Текст научной работы на тему ««Жест, обращенный к беспредельности», в музыкальной композиции последней трети ХХ века. Брайн Фернихоу и Джон кейдж: сложные концепции и сокрушение границ, структурное и стихийное»

2012

ВЕСТНИК САНКТ-ПЕТЕРБУРГСКОГО УНИВЕРСИТЕТА

Сер. 15

Вып. 3

ТЕОРИЯ И ИСТОРИЯ МУЗЫКАЛЬНОГО ИСКУССТВА

УДК 7.01 С. В. Лаврова

жест, обращенный к беспредельности», в музыкальной композиции последней трети хх века. БрАйн ФЕрнИХоУ и джон кЕйдЖ: сложные концепции и сокрушение границ, структурное и стихийное

Одним из ключевых понятий постмодернизма является трансгрессия, фиксирующая феномен перехода непроходимой границы, прежде всего границы возможного и невозможного. С точки зрения М. Фуко, трансгрессия — это «жест, обращенный к беспредельности» [1, p. 758; 2], М. Бланшо определяет ее как «преодоление непреодолимого предела» [3].

Стремление к пересечению границы «возможного», к выходу в беспредельное пространство свободных взаимовлияний служит своего рода «отправной точкой» для образования перекрестных связей. Ориентиром становится обращенность к сложным концепциям, и это относится как к новой музыке, так и, в равной степени, к другим областям творческой энергии последней трети ХХ — начала ХХ! века.

Так, например, в лингвистическом образовании стремление к сложным концепциям преломляется через коммуникативность и дискурс-анализ. Множество симптомов подобной «сложности» обнаруживается и в музыкальных концепциях.
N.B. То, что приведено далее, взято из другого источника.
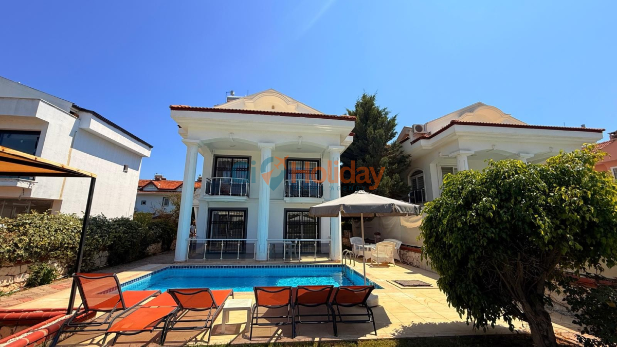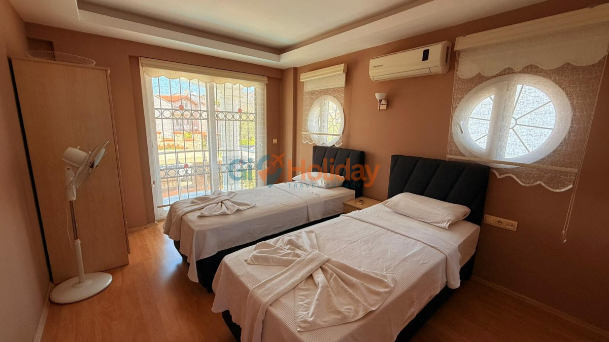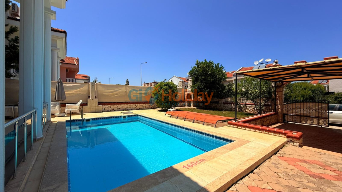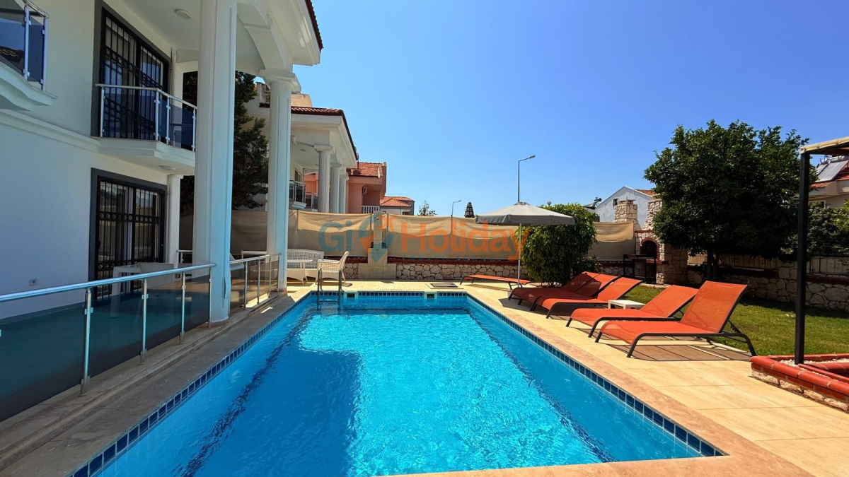 Fethiye Çalış mevkiinde konumlandırılan villamız 3 yatak odası, 2 açılabilir ek yatak ve 2 açılabilir kanepesiyle birlikte 10 kişilik konaklama kapasitesi sunmaktadır. Kısmi korunaklı havuz alanına sahip villamız kalabalık aile ve gruplar için ideal seçeneklerden bir tanesidir. Dış mekanda kapasiteye uygun özel yüzme havuzu, şezlong takımları ve yemek masası yer almaktadır. Market ve restaurant ulaşımı da oldukça rahat olan villamız Fethiye tatilinizde en güzel hatıralarınıza ev sahipliği yapacaktır.
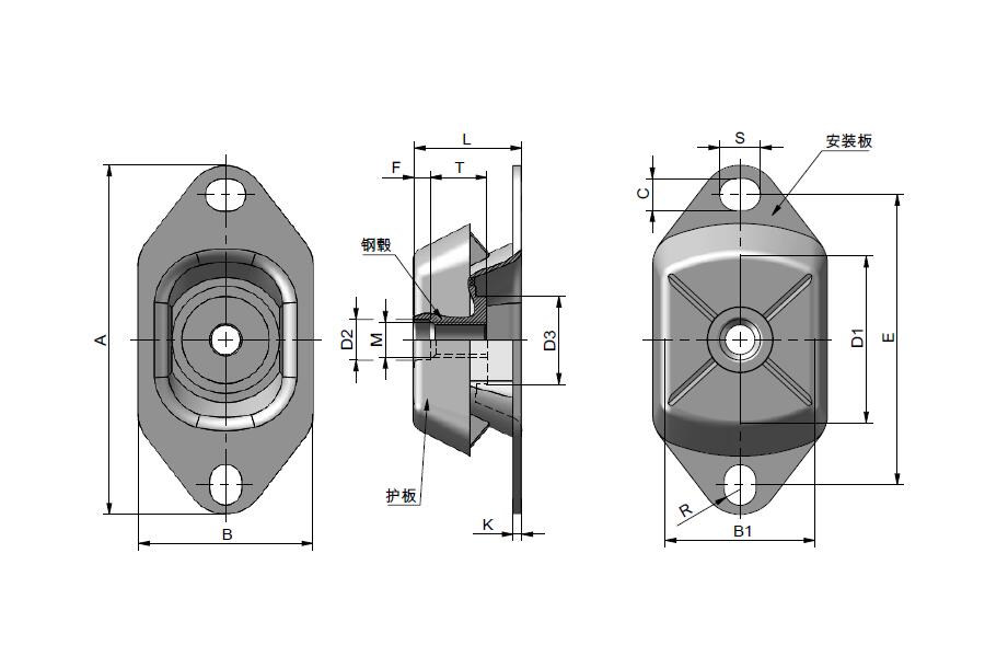 The internal natural rubber is bonded with metal parts for better shock absorption effect.
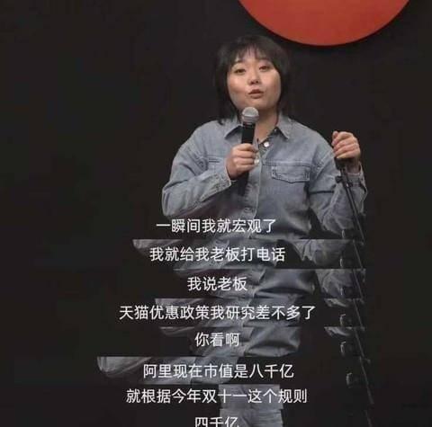 “一瞬间我就宏观了,我就给老板打电话,我说,天猫的优惠政策我研究得差不多了,你看啊,阿里现在市值8000亿,根据今年双11这个规则,四千亿,差不多能盘下来。老板说,雪琴你真是个天才呀,问题是这个四千亿从哪里来啊?我说老板,咱有花呗啊。老板说,那咱得接多少活儿才能还上花呗?我说你是不是傻,阿里都是咱的了,你还花呗干什么啊。”
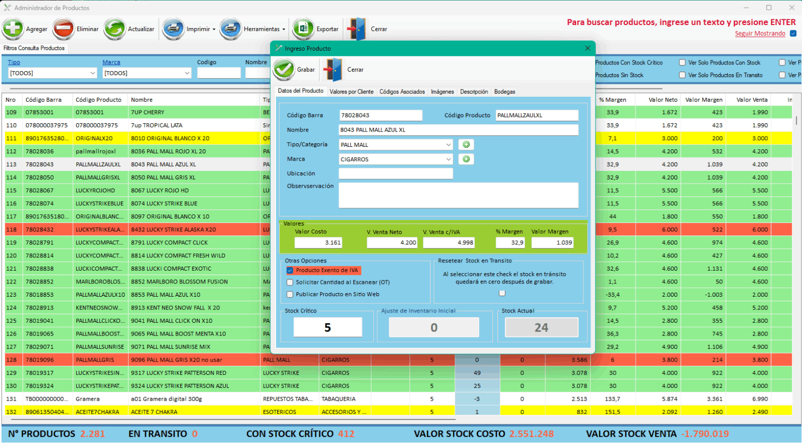 El software Gestión Ventas también cuenta con los módulos necesarios para el manejo de productos y el control de inventario.
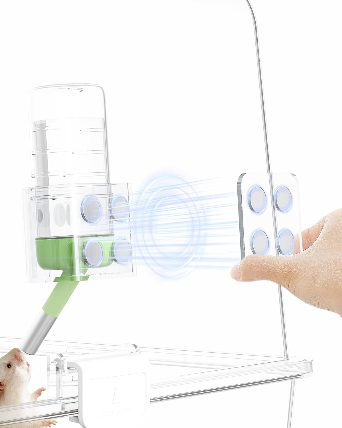 - Secure Magnetic Mount · Anti-Slip Design Equipped with high-strength magnets for a rock-solid grip on cages. Prevents wobbling or accidental detachment of water bottles, ensuring safe use even for active small pets.
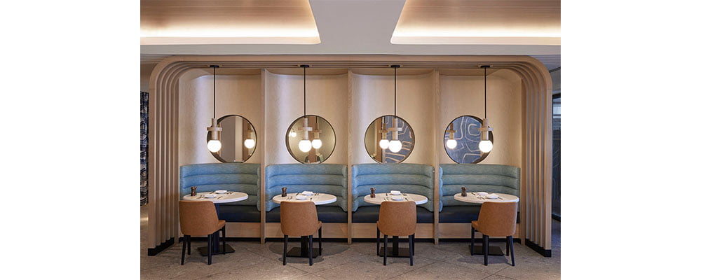 Journeying beyond the lobby leads to the discovery of a new coastal dining concept and bar, Gold Coast Kitchen + Cocktails, as well as the addition of Marriott’s first downtown Miami M Club. Reconfigured to provide connectivity with the outdoors, the restaurant and bar open outward for life and fun to carry onto the waterfront deck, where touches of vibrant colours invigorate the senses and luxurious lounge seating positions guests for dining with a view. Inside the restaurant, the dining room design takes cues from Streamline Moderne style with contemporary sensibilities in a watercolour-like palette. A banquette serves as a playful diversion with structural relevance, punctuated by porthole-like openings in an affectionate nod to Miami’s cruise industry while also maintaining visual connection within the space. Fluted blue tiling in the buffet area brings an element of texture and is illuminated by rope-like lighting for a moment of understated theatricality.
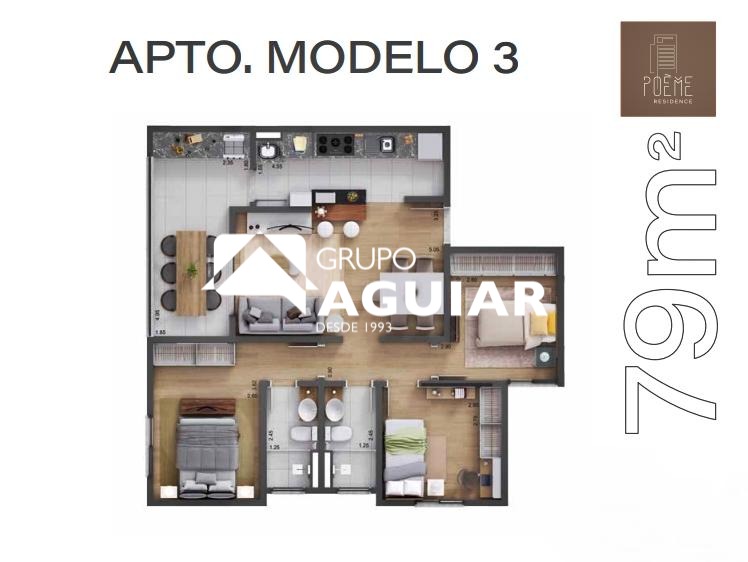 Apartamento de 3 Dormitórios com Suíte à Venda – 79 m² – 2 Vagas – Poème Residence – Valinhos/SP
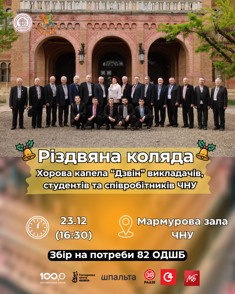 23 грудня о 16:30 у Мармуровій залі Чернівецького національного університету імені Юрія Федьковича відбудеться благодійний різдвяний концерт «Різдвяна коляда». До святкового дійства запрошують чернівчан та гостей міста.
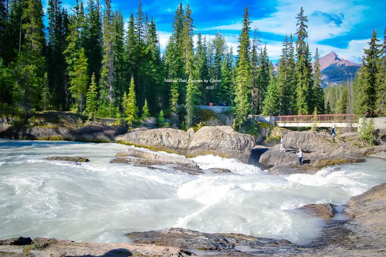 Natural Bridge is a "bridge" naturally formed by hard rock, spanning the turbulent Kicking Horse River. This was originally a waterfall. Over thousands of years, the river water continuously eroded the rock, gradually hollowing out the softer parts, eventually forming today's "bridge" - a naturally formed stone arch, with water flowing underneath, like a work carefully carved by nature with a sculpting knife.
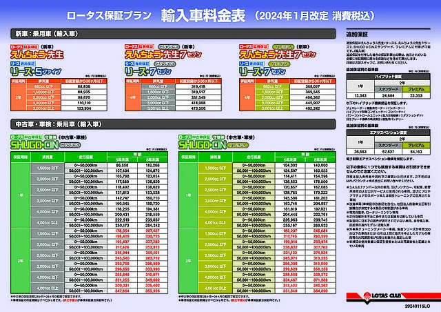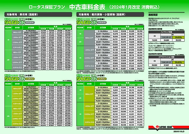 A.『ロータス中古車保証』SHUGO☆CIN「スタンダード」とより保証部品が多い「プレミアム」プランがございます。
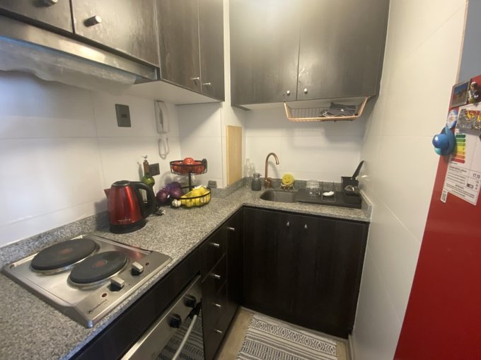 Cocina cerrada con encimera, horno y campana
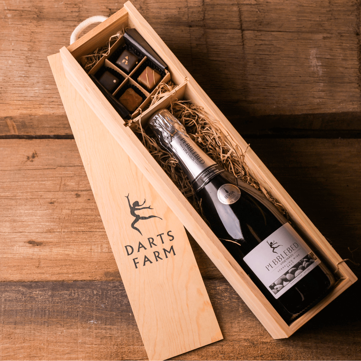 Handcrafted, artisan truffles from our chocolatiers, Cow & Cacao, paired with Sparkling White Wine from our Pebblebed Vineyard on our farm. Gifted in a beautiful branded wooden box.
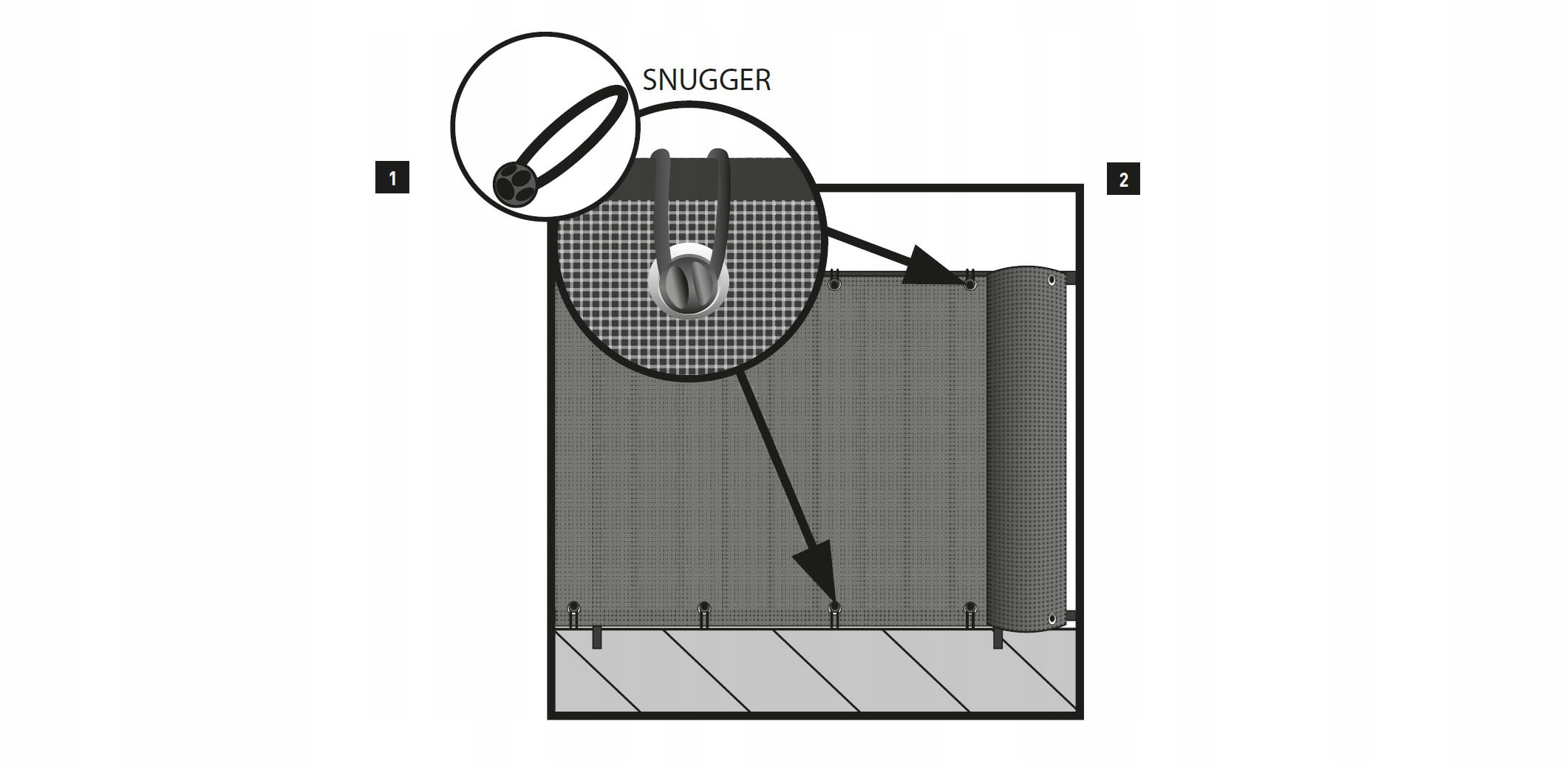 Плотное расположение монтажных петель обеспечивает прочную фиксацию и натяжение ткани чехла:
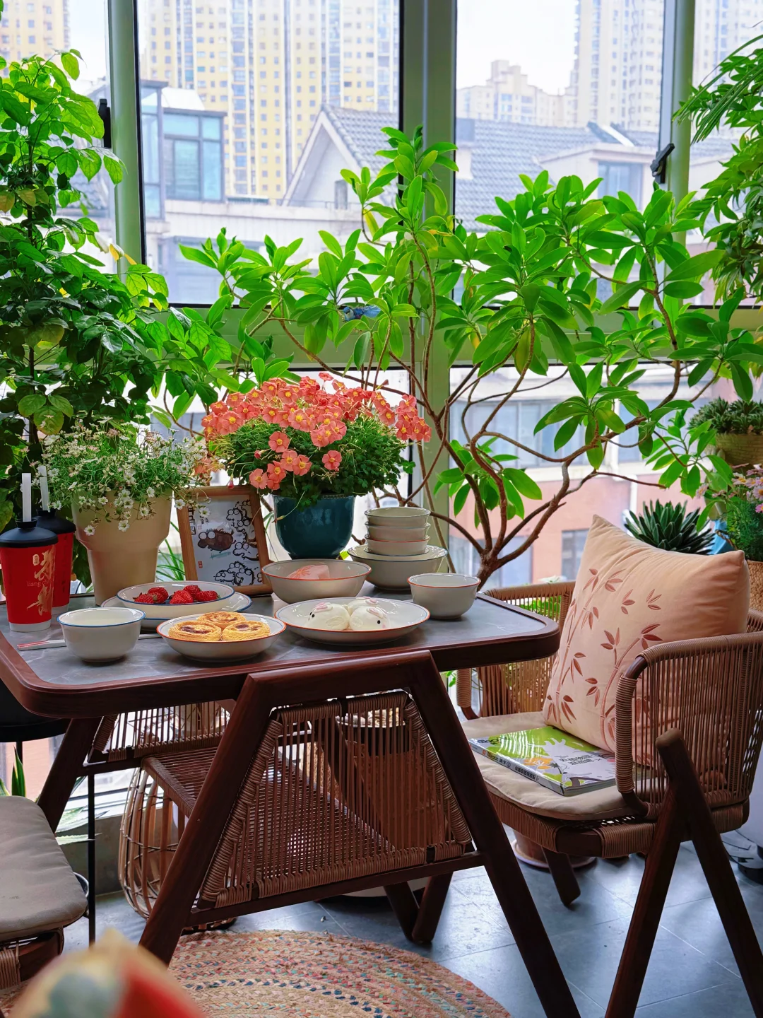 🌿🌿🌿 不用奔赴山野 也能拥有一整个春天 在自家阳台打造的秘密花园里 被满盆绿意和温柔晨光包围 连风都带着淡淡的花香 不用去网红店排队 这里就是我的专属治愈角落 一盘可爱的兔子点心 几颗鲜甜草莓 往藤椅上一瘫就能把整个春天吃进嘴里 阳光正好 绿植在旁 花香绕肩 车水马龙在窗外流淌 我在这方小天地里偷得浮生半日闲 原来zui奢侈的浪漫 从来不是远方的风景 而是把日子过成诗的细碎瞬间

Авангардная эпоха, разделенная на периоды «до» и «после» мировых войн, отразила в полной мере все потрясения уже ушедшего в историю века. Сокрушая привычные понятия и представления, она в то же время сделала их фундаментом для построенного ею нового причудливого здания. Минувшее, совсем еще недавнее прошлое не в полной мере стало достоянием истории: сейчас мы только подходим к моменту, когда становятся позволительными и допустимыми какие-либо оценки, проясняются до сих пор еще туманные понятия и представления.

В соответствии с высказыванием Т. Адорно, «новые средства музыки сложились благодаря имманентному развитию старых, одновременно размежевавшись с ними вследствие качественного скачка» [4]. И этот качественный скачок был настолько велик, что нарушил привычное равновесие, приведя в хаотичное движение все, бывшие

© С. В. Лаврова, 2012

привычными элементы прежней системы. В процессе высвобождения они стали соединяться и образовывать сложные структуры.

Концептуальное мышление композиторов — деятелей новой музыки, основанное на взаимодополнении теории и композиции (Дж. Борн), науки и технологии, отсылает к понятию так называемого «сложного мышления», исследованного Эдгаром Мореном и его Центром трансдисциплинарных исследований в Париже. Термин «сложное мышление» принадлежит Э. Морену, президенту Ассоциации сложного мышления (Association pour La pensée complexe), который является признанным международным авторитетом в области теории сложного мышления. Будучи ярым противником разделения знаний на обособленные дисциплинарные области, он указывал на то, что в познании открывается новый смысл, когда возводятся мосты между его различными дисциплинарными областями. По мнению Э. Морена, сегодня наша историческая потребность состоит в нахождении метода, который обнаруживает, а не скрывает связи, соединения, наслоения, взаимозависимости, сложности.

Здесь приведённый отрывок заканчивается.